İspanyolca içindeki incremento ne anlama geliyor?

İspanyolca'deki incremento kelimesinin anlamı nedir? Makale, tam anlamını, telaffuzunu ve iki dilli örneklerle birlikte incremento'ün İspanyolca'te nasıl kullanılacağına ilişkin talimatları açıklamaktadır.
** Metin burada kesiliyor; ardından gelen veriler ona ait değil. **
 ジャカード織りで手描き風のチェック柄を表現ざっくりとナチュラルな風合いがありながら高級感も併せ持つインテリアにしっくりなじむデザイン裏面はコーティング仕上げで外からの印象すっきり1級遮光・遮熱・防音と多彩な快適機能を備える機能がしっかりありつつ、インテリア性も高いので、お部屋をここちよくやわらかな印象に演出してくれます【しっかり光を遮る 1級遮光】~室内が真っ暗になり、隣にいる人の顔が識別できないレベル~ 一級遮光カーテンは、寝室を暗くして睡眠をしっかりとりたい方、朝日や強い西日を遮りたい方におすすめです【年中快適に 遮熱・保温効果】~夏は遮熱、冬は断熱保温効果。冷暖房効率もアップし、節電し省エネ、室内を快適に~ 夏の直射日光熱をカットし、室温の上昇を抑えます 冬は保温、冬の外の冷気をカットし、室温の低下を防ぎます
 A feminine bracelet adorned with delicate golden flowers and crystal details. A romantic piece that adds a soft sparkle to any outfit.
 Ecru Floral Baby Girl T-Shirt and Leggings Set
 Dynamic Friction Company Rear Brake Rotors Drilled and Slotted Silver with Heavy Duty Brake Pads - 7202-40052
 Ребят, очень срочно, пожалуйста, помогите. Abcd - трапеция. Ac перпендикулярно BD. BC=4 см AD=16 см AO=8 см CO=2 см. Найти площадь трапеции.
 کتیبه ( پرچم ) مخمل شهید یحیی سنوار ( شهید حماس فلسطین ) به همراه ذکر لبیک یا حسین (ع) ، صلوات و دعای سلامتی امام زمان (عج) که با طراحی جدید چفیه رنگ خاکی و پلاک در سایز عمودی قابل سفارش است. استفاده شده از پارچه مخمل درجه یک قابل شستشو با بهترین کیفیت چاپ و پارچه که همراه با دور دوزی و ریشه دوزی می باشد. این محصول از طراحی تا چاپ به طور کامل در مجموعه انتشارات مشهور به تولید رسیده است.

İspanyolca içindeki incremento kelimesi artırmak, çok artırmak, yükseltmek, artırmak, genişletmek, artırmak, çoğaltmak, artırmak, tırmandırmak, artmak, artırmak, artırmak, artmak, yükselmek, çoğalmak, artırmak, çoğaltmak, artırmak, toplamak, artırmak, yükseltmek, artırmak, güçlendirmek, artırmak, artış, artma, , artış, yükselme, artma, (miktar) yükselme, artma, çoğalma, artış, yükselme, artış, artış, yükseliş, artırmak anlamına gelir. Daha fazla bilgi için lütfen aşağıdaki ayrıntılara bakın.

telaffuz dinle

incremento kelimesinin anlamı

artırmak

verbo transitivo

(geçişli fiil: Fiillin belirttiği hareket ya da olay nesne üzerinde gerçekleşiyorsa yani bir nesneyi etkiliyorsa bu geçişli fiildir (örnek: "çocuk yemeğini yedi").)
Aumentaron (or: incrementaron) el número de manzanas en el almacén.

çok artırmak

(mecazlı)

(geçişli fiil: Fiillin belirttiği hareket ya da olay nesne üzerinde gerçekleşiyorsa yani bir nesneyi etkiliyorsa bu geçişli fiildir (örnek: "çocuk yemeğini yedi").)

yükseltmek, artırmak

verbo transitivo

(fiil: Varlıkların ve kavramların (isimlerin) yapmış oldukları hareketleri, içinde bulundukları durumları, etkilendikleri işleri ifade eder.)
Los hoteles siempre incrementan sus precios durante los fines de semana.

genişletmek

verbo transitivo

(geçişli fiil: Fiillin belirttiği hareket ya da olay nesne üzerinde gerçekleşiyorsa yani bir nesneyi etkiliyorsa bu geçişli fiildir (örnek: "çocuk yemeğini yedi").)
El ayuntamiento ha incrementado el cuerpo de policía debido al aumento de delitos.

artırmak, çoğaltmak

(geçişli fiil: Fiillin belirttiği hareket ya da olay nesne üzerinde gerçekleşiyorsa yani bir nesneyi etkiliyorsa bu geçişli fiildir (örnek: "çocuk yemeğini yedi").)
Nuestra fiesta aumentó con la llegada de algunos invitados retrasados.

artırmak

(fiil: Varlıkların ve kavramların (isimlerin) yapmış oldukları hareketleri, içinde bulundukları durumları, etkilendikleri işleri ifade eder.)
Al aumentar la demanda de sus productos respetuosos del medio ambiente, la empresa se vio obligada a reforzar la producción.

tırmandırmak

(ataques) (gerilim, vb.)

(geçişli fiil: Fiillin belirttiği hareket ya da olay nesne üzerinde gerçekleşiyorsa yani bir nesneyi etkiliyorsa bu geçişli fiildir (örnek: "çocuk yemeğini yedi").)
Lo criticaron cuando se proclamó a favor de intensificar la guerra.

artmak

(geçişsiz fiil: Fiil bir nesne olmadan gerçekleşiyor ve sadece öznenin üstünde kalıyorsa bu geçişsiz fiildir (örnek: "çocuk konuşuyor").)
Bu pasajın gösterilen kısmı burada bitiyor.